Given who has spearheaded the attacks, their vehemence and consistency, and who has been spared them for many of the similar, if not identical, health ills, I think this is just another underhanded discriminatory cultural assault. I find it convenient the only target happens to be a woman who pulled herself out of economically poor "redneck" roots, and was unwise enough to admit to having an obesity-related medical illness. In the consumerist world of the culinary industry, it’s not about the monetary or ethical conflict of interest. Google Image "soul food chef" and imagine Bourdain, et. al., telling one of these wonderful offerors of ethnic fellowship on a plate that their "lifestyle" is unhealthy and persecute them for perpetuating it through their cuisine or recipes.
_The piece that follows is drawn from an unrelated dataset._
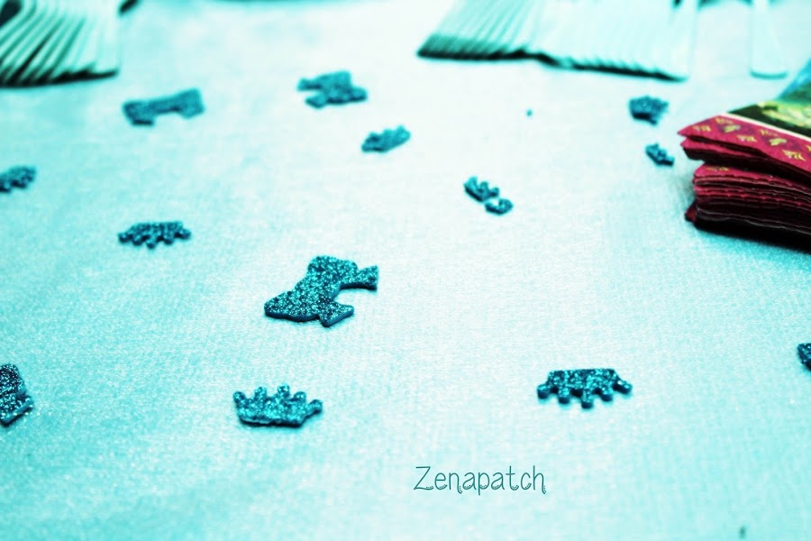 6.- Reutiliza el sobrante de la goma eva que usaste en el número!Como diría Arguiñano, "aquí no se tira nada!" Puedes utilizar los pedacitos que te sobren para recortar adornos para la mesa; yo utilicé algunos troqueles (perforadoras) y este fue el resultado

To put it bluntly, I’m not happy that Deen has decided to pimp insulin. I’m disappointed in the obvious consumerism. But most of her most ardent critics are even FAR more consumeristic, whether it’s Bourdain or the fake size-2 news-prompter-reader-deficients posing as reporters on TMZ. So methinks they doth protest too much, and unsuccessfully so.
When the Bourdains give up their http://www.seriouseats.com/recipes/2008/03/roast-bone-marrow-and-parsley-salad-anthony-bourdain-recipe.html, maybe the charade might be more believable. Until then, please pass the biscuits, will you? And hand me that bowl of apple butter down along with the gravy. And, oh yeah — don’t forget to say Grace first.